There are many awkward decisions that have to be made in the midst of a divorce, but whether or not to go back to your maiden name is a big one. I think there is no right answer and it’s personal for every woman, but I wanted to share my own thinking in how I came to the decision to keep my married name after getting a divorce.

1. My kids wanted me to keep it so we would continue to share the same last name. I’m not of the opinion that kids get to dictate adult decisions, but I’m also one to consider their feelings, and mine had big feelings over this one. In fact, it was the very first question that they asked when I told them we were getting a divorce – even before asking where everyone would live. I knew they were invested in sharing the same last name. Maybe even too invested, to be honest, but for whatever reason they held some familial meaning in that common last name, and felt like me forsaking it was forsaking a tiny piece of them. And while that narrative needs some dismantling, I felt like tending to their feelings on this one was something I could do. There are so many losses inherent in divorce. This didn’t need to be another.

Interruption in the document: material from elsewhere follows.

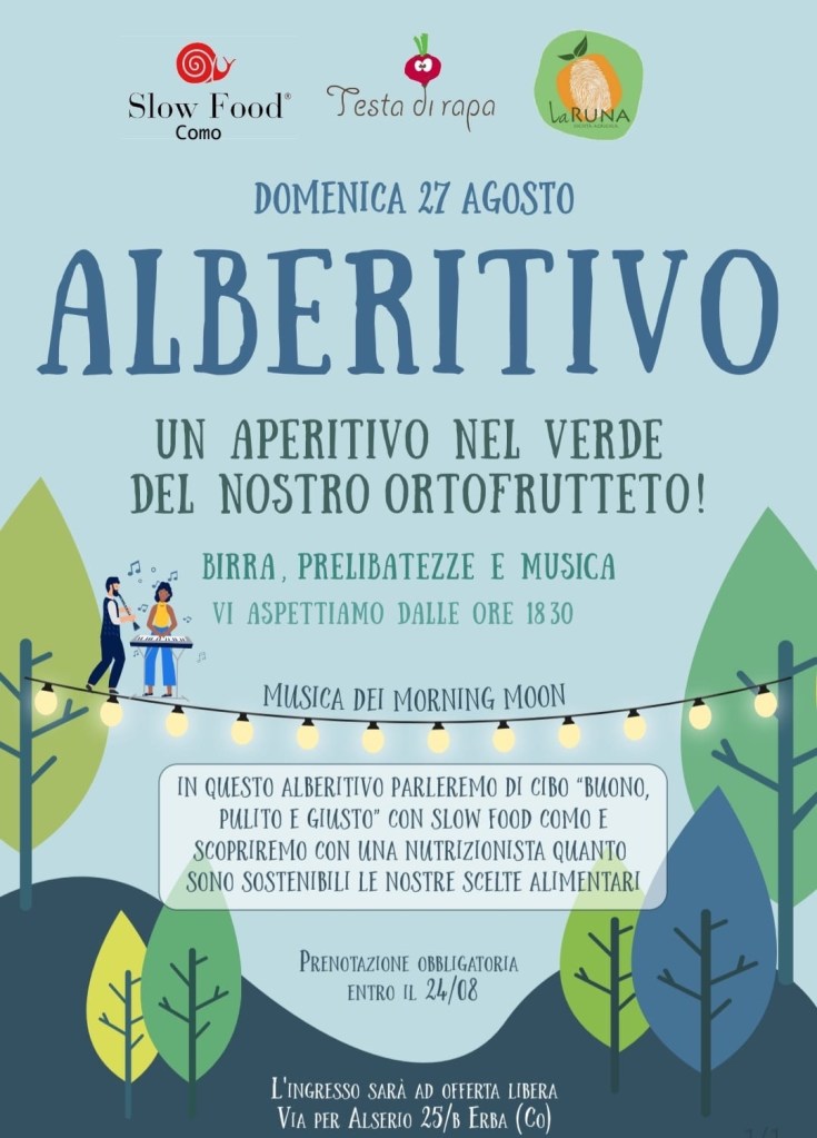 Domenica 27 agosto dalle 18,30 nell’orto-frutteto de La Runa in via Per Alserio 25/b Erba (CO) incontro con Anna Zottola di Slow Food Como su prodotti locali, filiera corta e cibo “buono, pulito e giusto” e con Eleonora Corti, nutrizionista, sulle scelte alimentari sostenibili per l’ambiente.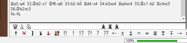 Die Information finden Sie unmittelbar über der Toolbar mit den Funktionen zur Bearbeitung der Notation. In dieser Zeile finden Sie auch die Information über Unterschiede in der Materialkonstellation der aktuellen Partie.

2. I’ve been a Howerton most of my adult life. I got married while I was still in college. This name has become a part of my identification, just as much as my maiden name ever was. Changing back to the name I had before I was even living on my own didn’t feel like a step of progress. (For me. It might to others and that’s okay.)

3. I have professional identification with my name.  And as a writer/blogger, name recognition is kind of important.

4. It just seemed like a hassle. Changing documents, id’s, licenses, credit cards, bank accounts  . . . all of that felt like too much work for little payoff. Not to mention, every social media handle I own. It was just easier (for me) to keep things as they are.

So, yes. I’m still Kristen Howerton.

I’m curious to hear how other divorced women navigated this issue.